10 March 2017

Philosophy at the Showroom: Strangers and Enemies

Showroom cinema

Philosophy at the Showroom is a series of sessions probing the philosophical questions raised by some of cinema’s most intriguing films, and discussing books that have philosophical themes (either philosophical texts, or other works that raise philosophical questions).

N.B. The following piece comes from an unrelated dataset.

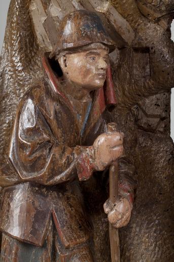 | Keywords: MCC-42318 Geboorte van Christus, aanbidding der herders (7).tif Artwork nl Anonymous Utrecht nl Voor een vervallen stal in het midden van de voorstelling knielt Maria links in aanbidding neer bij het kindje dat in het stro ligt Ook zijn twee engelen bij het kind neergeknield De ene en profil rechts op de voorgrond bespeelt een harp die hij voor zich houdt De andere zit schuin achter het kindje rechts van Maria en heeft zijn handen gevouwen voor zich Achter de harpspelende engel staat Jozef driekwart naar links gewend Hij kijkt wat voorovergebogen op het kind neer In zijn verdwenen linkerhand droeg hij waarschijnlijk een kaars waarvan hij het licht met zijn geheven rechter hand afschermde tegen de stralen die van het kind uitgaan Op de achtergrond rechts boven op een rots of heuvel staat een derde engel die met zijn rechterhand het kind aanwijst aan een klein afgebeelde herder die rechts naast hem loopt In de stal achter een met leem bestreken tenen wand kijkt nog een herder toe waarvan alleen het hoofd en de schouders zichtbaar zijn Het dak van de stal rust op vier pilaren In de voorzijde ervan is een rechthoekig venster aangebracht waarin twee duifjes zitten Tussen de twee linkerpilaren door hebben de os en de ezel hun koppen naar buiten gestoken Terwijl de os naar voren kijkt neemt de ezel een flinke hap stro uit de kribbe die voor hem staat Het linker gedeelte van de voorstelling wordt ingenomen door een grote rotsige heuvelpartij waarvoor een herder staat Hij heeft zijn bovenlichaam bijna en profil naar rechts gedraaid en zijn linkerbeen iets naar voren geplaatst en kijkt naar het geboortetafereel Hij leunt met beide handen op een herdersstaf die aan de onderzijde voorzien is van een schep De heuvelige bodem is afgewerkt met zigzaggroeven Maria draagt een lang gewaad Haar mantel is van haar rechterschouder gegleden tot op haar heupen en bedekt in soepele plooien de grond Haar kleed heeft omgeslagen mouwboorden Over haar hoofd een deels teruggeslagen sluier De engelen zijn gekleed in gegorde albes De achterste engel heeft een diadeem op het hoofd Aan de gordel rond Jozefs kleed hangt een rozenkrans Zijn mantel is teruggeslagen over zijn linker schouder Op zijn hoofd een kaproenachtig hoofddeksel en om zijn hals een grote sjaal De herder rechts op de achtergrond heeft een hoed met opgeslagen achterrand op het hoofd Hij draagt een korte gegorde tuniek met v-hals Aan zijn riem hangen een tas en een hoornachtig voorwerp Hij heeft puntig schoeisel en zijn kousen lijken afgerold Van de herder achter de wand is alleen te zien dat hij een kap draagt De linker herder is gekleed in een korte gegorde tuniek met kort ingesneden wambuis en lage schoenen met afgeronde neus Op zijn hoofd een hoed waar aan de linkerkant een doek onderuit hangt Zijn handen zijn in wanten gestoken Polychromie Het stuk is deels bedekt met oude maar niet oorspronkelijke polychromie De bruine retouches van de witte grond en de lacunes maken het moeilijk nog onderliggende lagen te onderscheiden Het stuk lijkt grondig schoongemaakt voordat het opnieuw is gestoffeerd Incarnaat lichtroze met rode blossen De herders vertonen een oranje-achtig incarnaat De ogen zijn gedetailleerd in zwart en bruin; monden helderrood Maria's haar is bruin haar sluier en binnenkant van de mantel blauw; buitenzijden mantel deels rood deels blauw verkeerd geïnterpreteerd door de stoffeerder ; gewaad rood met vergulde boorden De matte vergulding lijkt op een gelige grond te liggen De albes van de engelen zijn roze Hun haar matverguld op een gelige grond De harp is verguld De boorden van de albes zijn verguld Jozef haar bruin rand van de hoed verguld op gelige grond; slip rood; sjaal wit; kleed en rozenkrans rood; mantel bruin Kleine herder hoed rood; haar donkerbruin waaronder resten van oranjerood bolus ; kleed blauw; hoorn gordel en tas gelig; kousen en schoenen donkerrood Kap herder blauw met een witte rand Os rood tanden wit hoorns roze Ezel lichtbruin Stro geel Ruif lichtbruin waarop donkerbruin Herder links hoed blauw met rode slip; wambuis bruin met rode kraag manchetten en split; tuniek blauw waarop sporen vergulding; buidel lichtgeel; kousen wit; schoenen donkerbruin Onder het wit van de kousen mogelijk roze incarnaat Staf lichtbruin met blauwe schep Stal zuilen en achterwand rechts donkerbruin; strodak geelbruin; gevel donkerbruin met witte duifjes waarvan er een een rode snavel heeft; wand blauw; vleugels middelste geknielde engel wit met vergulde rand Heuvels resten geel bruin en groen Het geel ligt deels over het groen Rotsen links bovenaan heel lichtroze waaronder vergulding op rood-achtige bolus Techniek De groep is uit meerdere delen samengesteld Het rechtergedeelte met de stal Maria Jozef en de engelen vormt één geheel uitgezonderd de rechts op de voorgrond knielende engel en het kindje op het stro De kern lag achter het werkblok Aan dit gedeelte zijn toegevoegd het rechterduifje in de stal genoemd kindje en engel en de grond onder de engel De figuren op de voorgrond zijn rondom bewerkt Het linkergedeelte met de rotsen en de grote herderfiguur vormt één geheel De herder is bijna rondom uitgewerkt De twee delen zijn aan elkaar gezet door middel van houten pennen en verbindingsplankjes die met grote nagels in de onderzijde van de delen zijn bevestigd Ook bovenaan de achterzijde bevindt zich een origineel verbindingsplankje vastgezet met zes gesmede nagels twee verdwenen Mogelijk liep dit plankje verder door naar links waar nog twee gesmede nagels aanwezig zijn Een deel van de grond tussen beide delen vormt eveneens een verbinding en is met twee houten pennen en een ijzeren nagel in de voorzijde vastgezet De grond onder de engel is met houten pennen en een metalen nagel bevestigd Het kind is op de grond gelijmd en ingepend De harp bestaat uit twee delen De linkerhand van de linkerengel vormt één geheel met de snaren De delen lijken gelijmd en daarna met een grote nagel onderaan in de engel vastgezet Het rechter duifj

For the March session, Dr Dina Gusejnova from the Department of History, will introduce a screening of Orson Welles’ ‘The Stranger' (1946) and lead a discussion on strangers and enemies, on 30 March, 6pm at the Showroom Cinema.

The Stranger

The Stranger (1946) by Orson Welles is an American film noir set in an idyllic New England college town. It wouldn’t be an Orson Welles film if a darker plot didn’t gradually unfold here, however – with Welles himself miming the sinister key protagonist. Historian Dina Gusejnova will show that the film points us to a cardinal theme of twentieth-century political thought, the idea of restoring justice in a world out of joint. In this case, a local stranger is suspected of being nothing less than an enemy of humanity. But disconcertingly, just when everyone thought justice has been regained, in this sleepy New England town, time itself appears to have stopped.

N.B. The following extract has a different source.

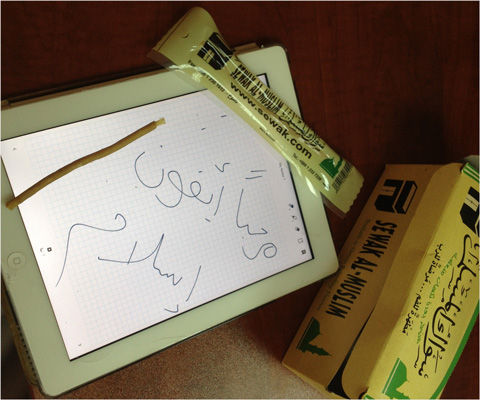 يؤخذ السواك من جذور أشجار صحراوية تنتشر في مناطق متعددة في جزيرة العرب وأفريقيا، أهم ما يميز السواك هو توافره بكثرة وبسعر زهيد ويعتبر فرشاة أسنان طبيعية وهو عملي جداً للإستخدام في أي وقت، لكن هل تعلم أنه يمكنك شراء سواك وتخصيصه للآي باد، حيث يمكنك استعماله كقلم للكتابة على جهازك واطمئن لن يسبب أي خدوش على شاشة جهازك، مهلاً.. فهذه ليست مزحه، وكما يظهر في الصورة بأعلى تجربة الكتابة على شاشة الآي باد والتي أرسلها لنا الصديق سيف تـويلي النـعيمـي.

The relationship between German history and world history is linked in the film through two key characters in the film, known by the names of Meinike and Rankin. As I shall argue, these characters – and the ideas they represent in the plot -- refer to the most eminent German historians of the modern era. Friedrich Meinecke’s career spanned the Belle Epoque, the Weimar era, and even, in ‘internal exile’, National Socialism. Leopold von Ranke, the eminent nineteenth-century Prussian founder of modern history, had introduced all Europeans to the idea of thinking about history as a science of ‘what actually happened’. Far from being witnesses or storytellers, however, in this film, it is the historians who act. The film should thus be of interest to all those who are interested in the question to what extent a good life in the present depends on our knowledge of what happened in the past.

Tickets and further information

The standard Showroom admission charge applies.